# DIY acoustic stomp box



## Bill Kerrigan (Feb 24, 2018)

Rather than buy, I’ve been experimenting with different DIY acoustic stomp boxes (foot drum). 
Here’s where I am at this stage…
Depending on the mic(s) used: the final box will be 2″- 4″ x 6″- 8″ x 12″. It will be hollow and made of wood on all 4 sides. (type of wood hasn’t been determined yet)
I’ve collected many mics over the years. (large & small diaphragm, dynamic, ribbon, multi-pattern, boundary etc.) I’m not sure which mic I’ll finally use, they all sound different… but I’ve eliminated piezo discs.
My next experiment will be using a speaker from a woofer.
Advice would be appreciated.


----------



## Granny Gremlin (Jun 3, 2016)

Speaker will be very large and not sure how to integrate it (physically), but the response will be perfect if you're looking for a kick drum type sound. Electronically it is dead simple - just look up any woofer-based kickdrum mic tutorial; same thing.

I wouldn't rule out piezos so quick; they vary in quality and tonality quite a bit and they are real nice and small to make a nice portable unit.

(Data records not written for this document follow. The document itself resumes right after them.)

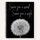 Élégant carnet de motivation avec une photo macro originale en noir et blanc d'un beau dandelion avec une citation inspirante dans une élégante police de calligraphie blanche qui dit "Certains voient une mauvaise herbe, Certains voient un voeu"
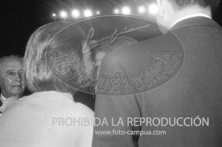 Los Príncipes de España D. Juan Carlos y Dª Sofía, con el Caudillo y su esposa, reciben al Rey Constantino de Grecia en Barajas. D. Juan Carlos besando la mano a Dª Carmen.
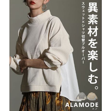 フロントは微起毛スウェット、バックは布帛シャツに切り替えたプルオーバー。異素材のコントラストがさりげなく効いて、着るだけでこなれた印象に。ラフさときちんと感をバランスよく楽しめる一枚です☆

Another idea is to use a trigger (piezo based) into an electronic drum sound generator. This is what I did after exploring this area (tried a bunch of things from carrying around a mini kick drum and pedal (floor tom) and went down to this when I came accross the box in a local shop for cheap.

 

(click pic for blog post with more detail)


----------



## Bill Kerrigan (Feb 24, 2018)

Very interesting GG. I'll try making an electronic drum sound generator, after I finish with my aucustic build.

I have a Harman Kardon woofer from a Sound Stick system which might sound very good.
To be continued...

PS. How do I post images on this forum?


----------



## Granny Gremlin (Jun 3, 2016)

Bill Kerrigan said:


> How do I post images on this forum?


Theres a sticky thread somewhere. But if youre a gold member you can just drag and drop into the reply box from your desktop etc.

Otherwise tou need the pics hosted online and use the insert pic tool in the toolbar. It must have http*s* or it wont let you post it ( the hack for that is to remove the entire http://www. And only use the rest of the URL as the link).


----------